(1.) IN these appeals the Court is called upon to decide the effect of the will of one Sundaram, who died in the month of July 1983. The testator had two sons, Shanmugam and Sethuraman, and a daughter, the plaintiff in the two suits which have given rise to the appeals. Shanmugam predeceased his father. He left a widow Swar -navalli, but no issue. Sethuraman died on 23rd February 1936 and Swarnavalli in March 1940. Sundaram executed a will dated 29th January 1933 in which he purported to leave for charitable purposes the net income of the properties described in the document, after deducting certain sums for the maintenance of his son Sethuraman and his daughter -in -law Swarnavalli. The properties were described by the testator as being his own. One of the questions in the appeals is whether the properties belonged to the joint family. Another question is assuming that the testator had the right to dispose of the properties by a will, whether the directions amounted to a dedication to charitable uses or merely created a charge for such uses. It is quite clear that the testator intended that Sethuraman and Swarnavalli should act as trustees of the charities mentioned in the will, and that they did so act has been found as a fact. It is also said on behalf of the appellants that even if the properties belonged to the joint family, as the Subordinate Judge has found, the plaintiff is not in a position to challenge the validity of the endowments as Sethuraman accepted as being valid the provisions of the will and acted as a trustee of the charities named therein.
(2.) IN O.S. No. 90 of 1942, filed on 18th November 1942, namely, two years and eight months after the death of Swarnavalli, the plaintiff claimed the estate as the heir of her brother on the basis that the will was invalid She averred that her father had torn up the will. This allegation was entirely false and it is now accepted on her behalf that her father did leave the will relied upon by the defendants and that it was executed by him when in full possession of his faculties. In this suit the plaintiff sought to set aside certain alienations of properties covered by the will for which Swarnavalli was responsible when she was acting as the sole trustee of the charities declared in the will after her husband's death. Appeal No. 113 of 1944 is from the decree passed in O.S. No. 90 of 1942. The appellants are defendants 5 and 6, who are two of the alienees. The plaintiff filed Order Section No. 15 of 1943 to recover another lot of property alleged by her to belong to her father's estate. It was in the possession of defendant 2, who claimed to be a usufructuary mortgagee of it. The mortgage had been created by Swarnavalli after her husband's death and the plaintiff said that it was invalid. The suit was decreed and Appeal No. 43C of 1914 is the result. The two suits were dealt with in a common judgment. The appeals can also be dealt with together.

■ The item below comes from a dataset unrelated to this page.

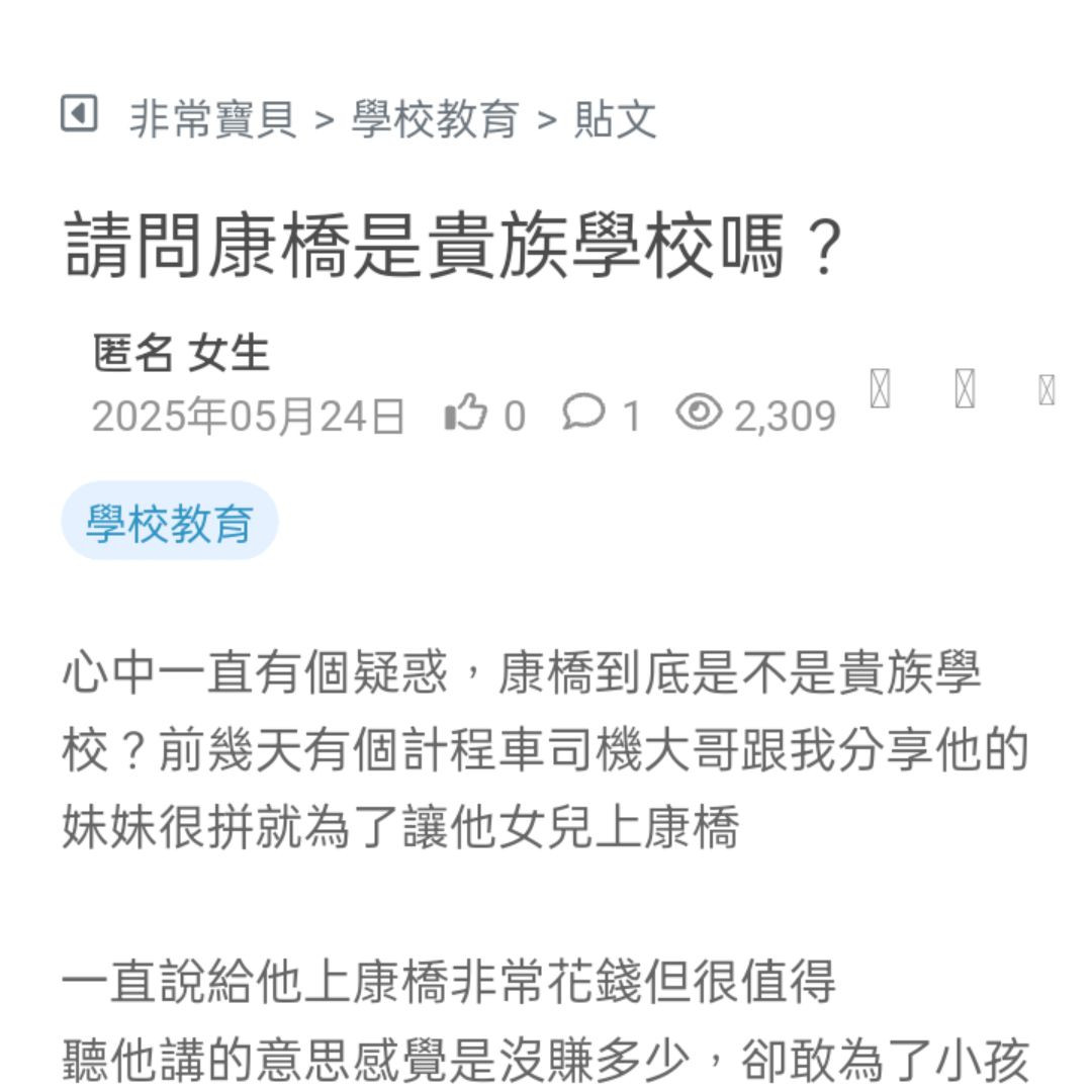 心中一直有個疑惑,康橋到底是不是貴族學校?前幾天有個計程車司機大哥跟我分享他的妹妹很拼就為了讓他女兒上康橋
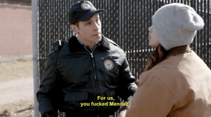 Well, Operation I Wish This Wasn’t Your Sole Option is happening. Caputo’s hanging up posters for the Christmas pageant, and Mendoza is chatting him up about shower fungus. Apparently the Latin@ group wants Sue to clean their showers, too, because she’s meticulous and they’ve got said fungus problem. The shower fungus is clearly a distraction, but ew. Shower fungus. You know what’s not at A-Camp, surprisingly enough? Shower fungus. You should go to camp because there’s no fungus in our showers. Morello makes a birdcall – because there are a lot of owls in prison, just chilling and making noise, not out of place at all, and Mendoza cuts the conversation off. Morello tells Caputo someone is crying in the utility closet. Caputo goes to check it out, because remember last time someone was sad in the utility closet, and finds Pornstache and Daya having sex. Well, then.

(3.) IN the first place, we will deal with the question whether the properties covered by the will belonged to the testator in his own right or whether they belonged to the joint family. The testator was a carpenter and as such did not earn more than Re. 1 -8 -0 per diem. His father was one Nallaperumai who died many years ago. Nallaperumal had another son, Ramalingam. When Nallaperumal died he left property which became ancestral property in the hands of his sons. In 1903 the sons decided to separate. The movable properties of the joint family were partitioned in that year. Sundaram's share of these properties amounted to Rs. 3500, represented by debts due to the joint family. In 1306 the immovable properties were partitioned and to Sundaram was allotted property valued in the deed of partition at as. 1200. The learned Subordinate Judge says that this was probably an undervaluation. While we can well believe this to be the case, we will assume that it was its true value. Therefore, by 1907 Sundaram became the owner of what was ancestral property to the value of Rs. 4700. Admittedly he carried on a money -lending business. He could only have carried on this business with what he had received in the partition with his brother. Certainly his earnings as a carpenter would not have been sufficient to provide the capital for a money -lending business. He was obviously of a thrifty nature. In addition to money -lending he conducted chit funds in his own name, but here again the capital required for them could only have come from the nucleus of the ancestral properties and what he had made out of them. It was not until 1917 that he was in a position to buy the first of the immovable properties which stood in his name at the time of his death. The value of these properties was some Rs. 38,000. The Subordinate Judge has hold that they must have been acquired out of the nucleus of the ancestral properties which fell to Sundaram's share in the partition with his brother. With this opinion we are in full agreement. He had no capital apart from that which came to him in 1903 and 1906. The ancestral properties which he received in these years provided a sufficient nucleus for the acquisition in the course of years of the properties in suit and therefore the burden of proving that they belonged to the testator in his own right lay upon the appellants. They have certainly not discharged the burden.